Remember you can freely use any code from the labs. You do not need to cite code from the labs.

In [15]:
#
# function to run a select query and return rows in a pandas dataframe
# pandas puts all numeric values from postgres to float
# if it will fit in an integer, change it to integer
#

def my_select_query_pandas(query, rollback_before_flag, rollback_after_flag):
    "function to run a select query and return rows in a pandas dataframe"
    
    if rollback_before_flag:
        connection.rollback()
    
    df = pd.read_sql_query(query, connection)
    
    if rollback_after_flag:
        connection.rollback()
    
    # fix the float columns that really should be integers
    
    for column in df:
    
        if df[column].dtype == "float64":

            fraction_flag = False

            for value in df[column].values:
                
                if not np.isnan(value):
                    if value - math.floor(value) != 0:
                        fraction_flag = True

            if not fraction_flag:
                df[column] = df[column].astype('Int64')
    
    return(df)
    

In [16]:
connection = psycopg2.connect(
    user = "postgres",
    password = "ucb",
    host = "postgres",
    port = "5432",
    database = "postgres"
)

In [17]:
cursor = connection.cursor()

In [18]:
def my_read_csv_file(file_name, limit):
    "read the csv file and print only the first limit rows"
    
    csv_file = open(file_name, "r")
    
    csv_data = csv.reader(csv_file)
    
    i = 0
    
    for row in csv_data:
        i += 1
        if i <= limit:
            print(row)
            
    print("\nPrinted ", min(limit, i), "lines of ", i, "total lines.")

In [19]:
def my_recursive_print_json(j, level = -1):
    "given a json object print it"
    
    level += 1
    
    spaces = "    "
    
    if type(j) is dict:
        dict_2_list = list(j.keys())
        for k in dict_2_list:
            print(spaces * level + k)
            my_recursive_print_json(j[k], level)
            
    elif type(j) is list:
        for (i, l) in enumerate(j):
            print(spaces * level + "[" + str(i) + "]")
            my_recursive_print_json(l, level)
                  
    else:
        print(spaces * level + "value:", str(j))
                  


In [20]:
def my_read_nested_json(file_name):
    "given a file of json, read it and parse it meaningfully"
    
    f = open(file_name, "r")
    
    j = json.load(f)
    
    f.close
    
    my_recursive_print_json(j)

# 2.2.1 Recursive walk of Peak's sales JSON file to help understand the structure

Peak has send AGM a nested JSON file of sales data for October 3, 2020.  We need to first understand the structure of this file so we can parse it into CSV files to load into staging tables.

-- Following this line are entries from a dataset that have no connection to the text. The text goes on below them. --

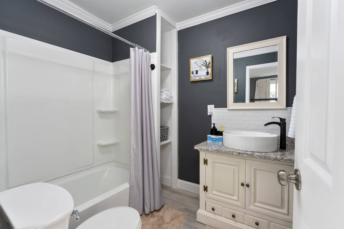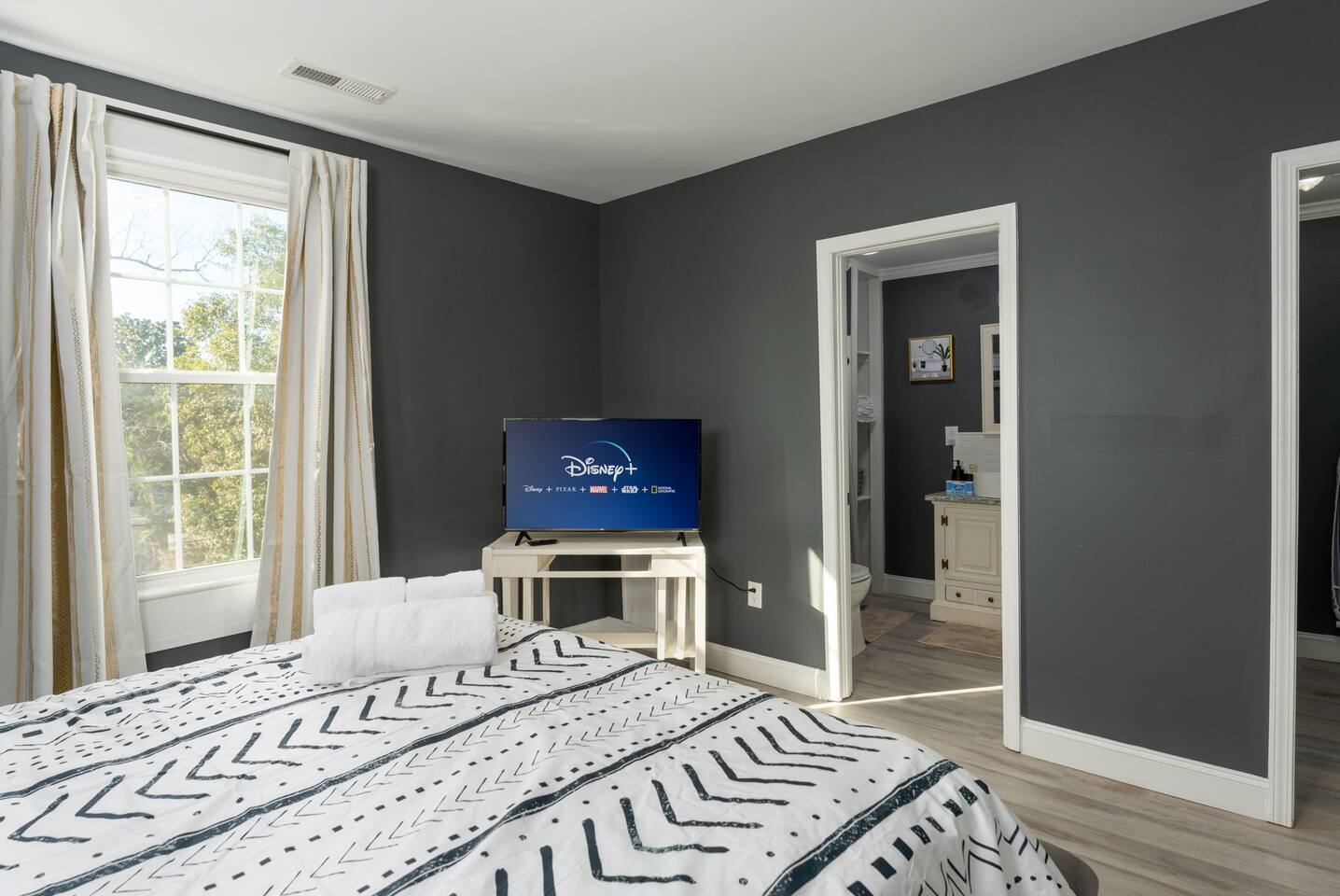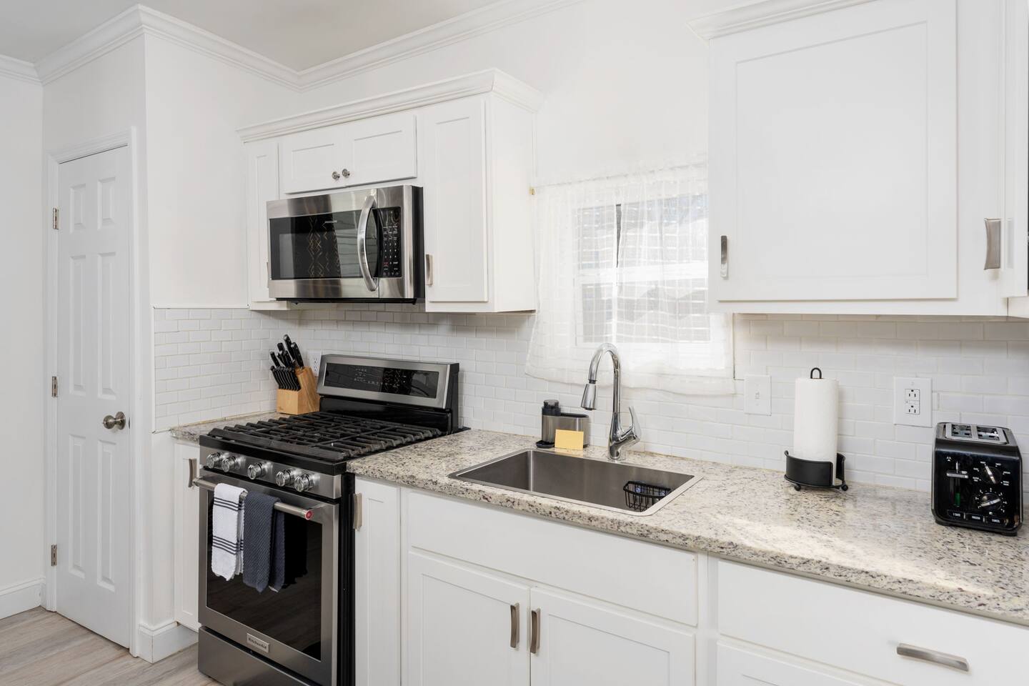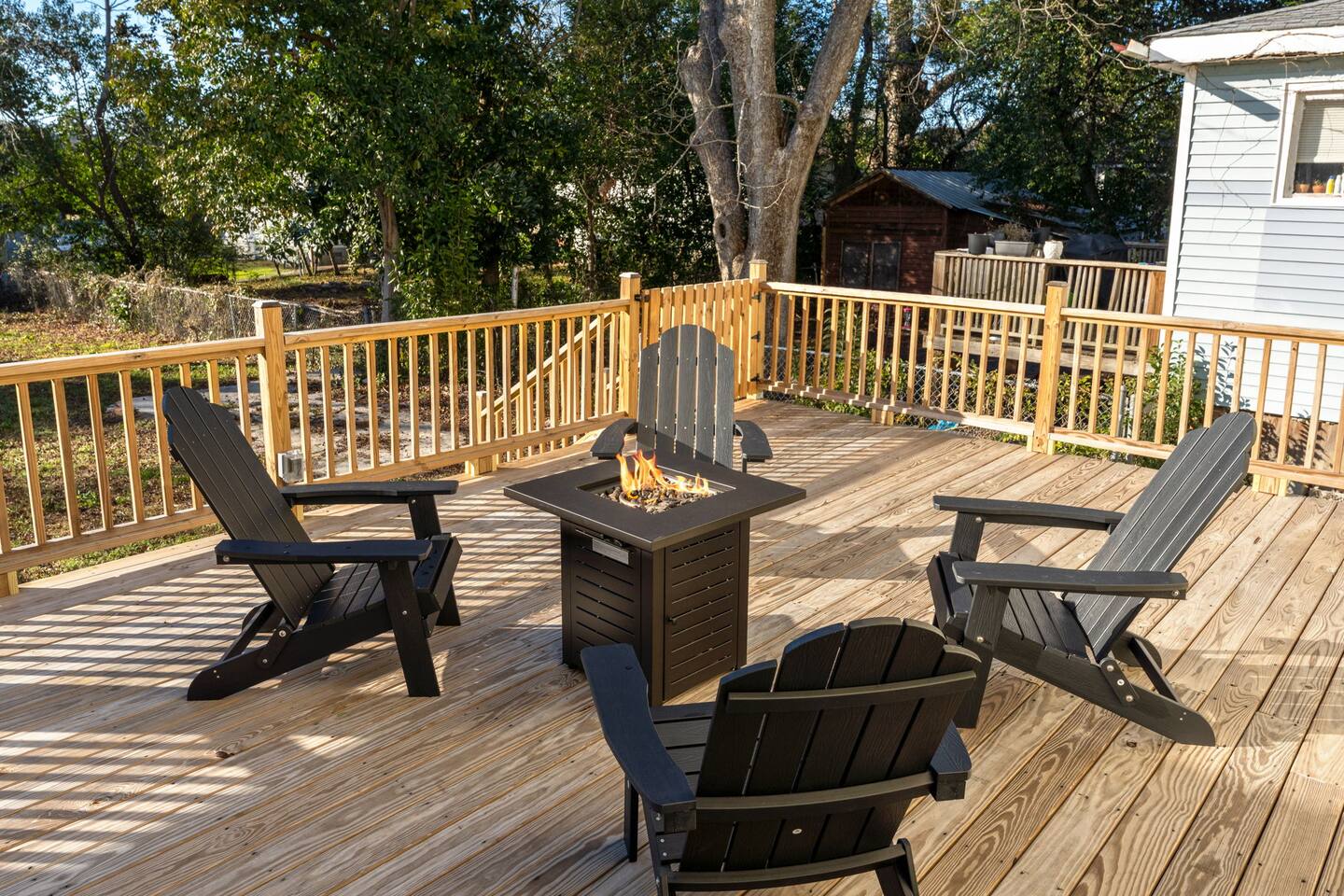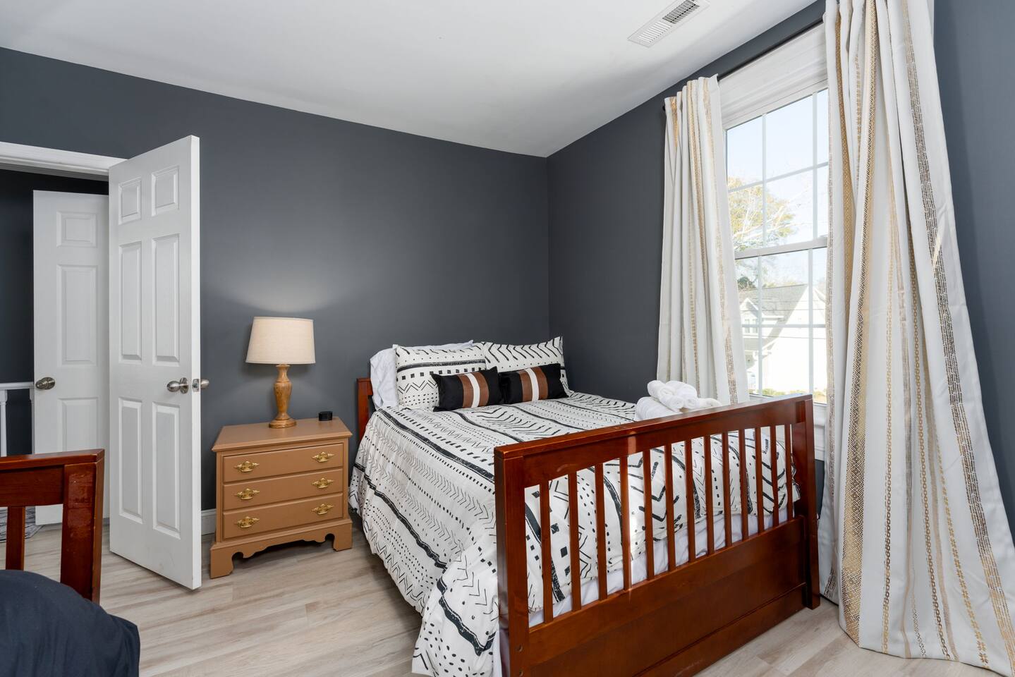 ☆☆ BEDROOMS ☆☆ ➝ Bedroom 1 (Primary Suite): This spacious and serene bedroom features a comfortable queen-sized bed with plush linens and a cozy duvet. Located upstairs, it offers privacy and is perfect for unwinding after a day of exploring. Ample closet space and a bedside table with reading lamps complete the room's functionality and charm. ➝ Bedroom 2: Bright and inviting, this room is furnished with two twin beds, each outfitted with soft bedding and fluffy pillows. The layout makes it ideal for children, friends, or siblings traveling together. A large window provides plenty of natural light, and a dresser ensures space for personal belongings. ➝ Bedroom 3: Perfect for a small family or a group of friends, this versatile bedroom includes a full-sized bed and an additional twin bed. Both beds are adorned with high-quality linens, making it a cozy space for relaxation. The room also features a bedside table, reading lamp, and a closet for convenience. ☆☆ BATHROOMS ☆☆ ➝ Bathroom 1 (Ensuite in Bedroom 1): This private ensuite bathroom, located within the primary bedroom, features a relaxing tub/shower combination, making it perfect for a soothing soak or a quick rinse. Elegant tile work and bright lighting create a serene atmosphere, while the spacious vanity provides ample room for your toiletries. Complimentary essentials such as shampoo, conditioner, body wash, and fresh towels are included to make your stay comfortable and convenient. ➝ Bathroom 2 (Shared Upstairs): Also located upstairs, this shared full bathroom features a tub/shower combination, ideal for guests who enjoy a relaxing bath or a refreshing shower. The bathroom is thoughtfully designed with modern fixtures, a large mirror, and a well-lit vanity with plenty of counter space. As with the ensuite, this bathroom is stocked with toiletries and fresh linens for your convenience. ☆☆ KITCHEN & LIVING ROOM ☆☆ The living room is spacious and designed for comfort, offering a perfect space to relax after a day of exploring Wilmington. Large windows let in plenty of natural light, creating a warm and inviting atmosphere. The fully equipped kitchen features dinnerware, utensils, and all cooking essentials, including pots, pans, and basic spices. Whether you’re brewing morning coffee or preparing a family feast, this space has you covered! ☆☆ OUTSIDE SPACE ☆☆ Step into your own private oasis! The backyard offers a cozy deck perfect for enjoying your morning coffee or hosting an evening by the fire. Surrounded by mature trees, the space feels peaceful and secluded despite being in the heart of Wilmington. ☆☆ HOME DISTANCE IN MILES & TIME ☆☆ This charming home is ideally located for travelers looking to explore Wilmington’s vibrant attractions and natural beauty. ➝ Wilmington Int'l Airport (ILM): 4.2 miles, approximately 10 minutes by car ➝ Downtown Wilmington: 1 mile, approximately 5 minutes by car or 15 minutes on foot ➝ Live Oak Bank Pavilion: 1.2 miles, approximately 5 minutes by car or 20 minutes on foot ➝ Wrightsville Beach: 10.9 miles, approximately 20 minutes by car ➝ Wilmington Convention Center: 1.5 miles, approximately 5 minutes by car or 20 minutes on foot ➝ Battleship North Carolina: 3.2 miles, approximately 10 minutes by car ➝ Cargo District: 0.8 miles, approximately 3 minutes by car or 10 minutes on foot
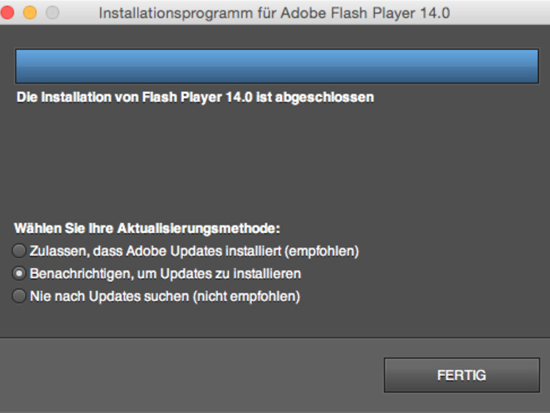 Zum Abschluss müssen Sie noch erlauben, dass der Player nach Aktualisierungen sucht oder diese automatisch installiert.
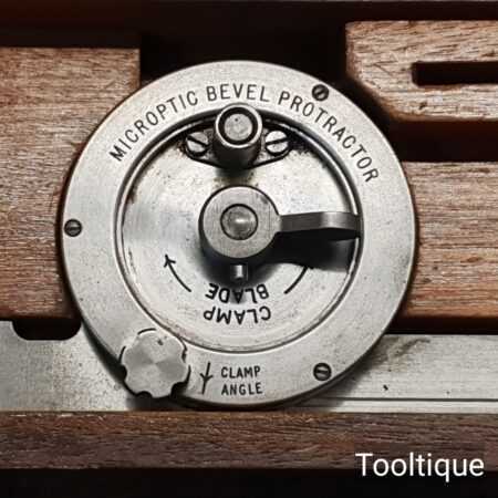 Vintage Hilger & Watts Ltd London No: 93347 Microptic Optical Bevel Protractor in a mahogany case in good used condition.
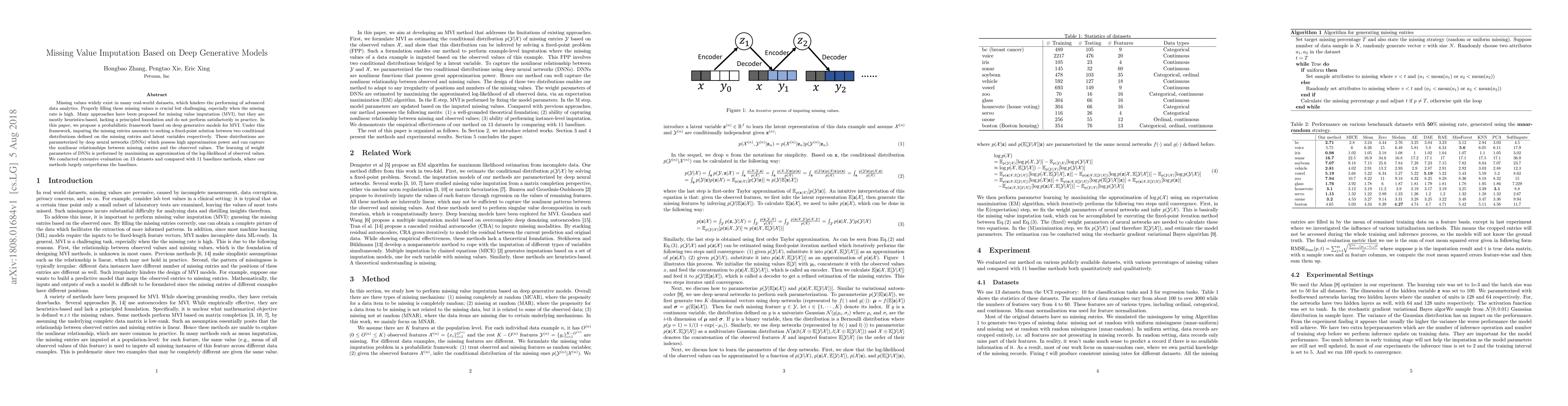 This paper proposes a probabilistic framework for missing value imputation (MVI) using deep generative models, where the imputation process involves finding a fixed-point solution between conditional distributions parameterized by deep neural networks. The method outperforms 11 baselines in extensive evaluations on 13 datasets.

Use the function my_read_nested_json() which calls my_recursive_print_json() to take a recursive walk of the nested JSON file peak_sales_2020_10_03.json to help understand the structure.  These functions are from the lab, and are included above for your convenience.

### Please take some time to study the structure until you understand it.  Understanding the structure will make it much easier to write the parsing code.

Pattern your code after the examples in the labs.

In [27]:
my_read_nested_json("peak_sales_2020_10_03.json")

TypeError: my_read_nested_json() takes 1 positional argument but 2 were given

# 2.2.2 Parse Peak's nested JSON sales file into CSV files

Write Python code to parse Peak's nested JSON sales file, peak_sales_2020_10_03.json, into CSV files.

The first line of each file should be a list of fields as specified below.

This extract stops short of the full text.